You may need to create an isolated virtual environment to cleanly install all the requirements (including MLEM) there:

$ python3 -m venv .venv
$ source .venv/bin/activate
$ pip install mlem sklearn pandas

To use data within the MLEM context, so that it is compatible with other operations such as mlem apply, one needs to save it as a MLEM Object.

Saving data with MLEM

MLEM can save existing data objects using the mlem.api.save() API.

As an example, we load the well-known IRIS dataset with sklearn, and then save parts of it locally using MLEM.
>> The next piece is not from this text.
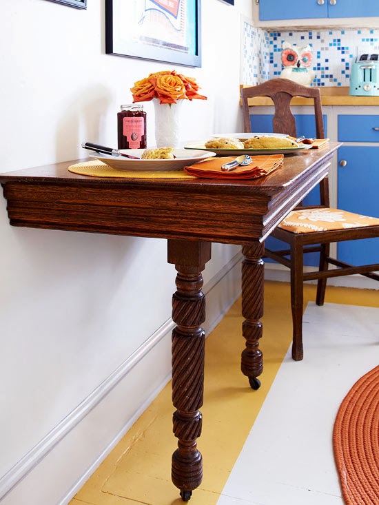 Even a dilapidated table can be revived with a bit of creativity and ingenuity. Shop for a table that is past its prime (this one was missing a leaf). You’ll also need a 2×2-inch board, wood screws, a table saw, and a drill. Take all of the hardware beneath the table off (sliding mechanisms, etc.) Cut the table in half lengthwise with the saw. Cut the board to 1 inch less than the width of the table. Attach the board with screws to wall studs at a height flush with the underside of the table. Fasten the table to the board from underneath with wood screws.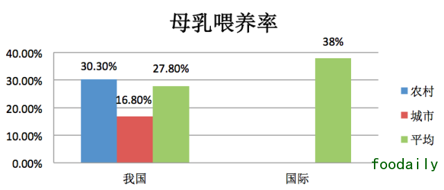 国家卫计委2014年公布的数据显示,我国的母乳喂养率呈持续下降趋势,16年间下降了近40%。0—6月龄婴儿纯母乳喂养率为27.8%,其中农村为30.3%,城市仅为16.8%,远低于国际平均水平(38%)。

Consider this prepare.py file:

#!/usr/bin/env python
from mlem.api import save
from sklearn.datasets import load_iris
from sklearn.model_selection import train_test_split

def main():
    data, y = load_iris(return_X_y=True, as_frame=True)
    data["target"] = y
    train_data, test_data = train_test_split(data, random_state=42)
    save(train_data, "train.csv")
    save(test_data.drop("target", axis=1), "test_x.csv")
    save(test_data[["target"]], "test_y.csv")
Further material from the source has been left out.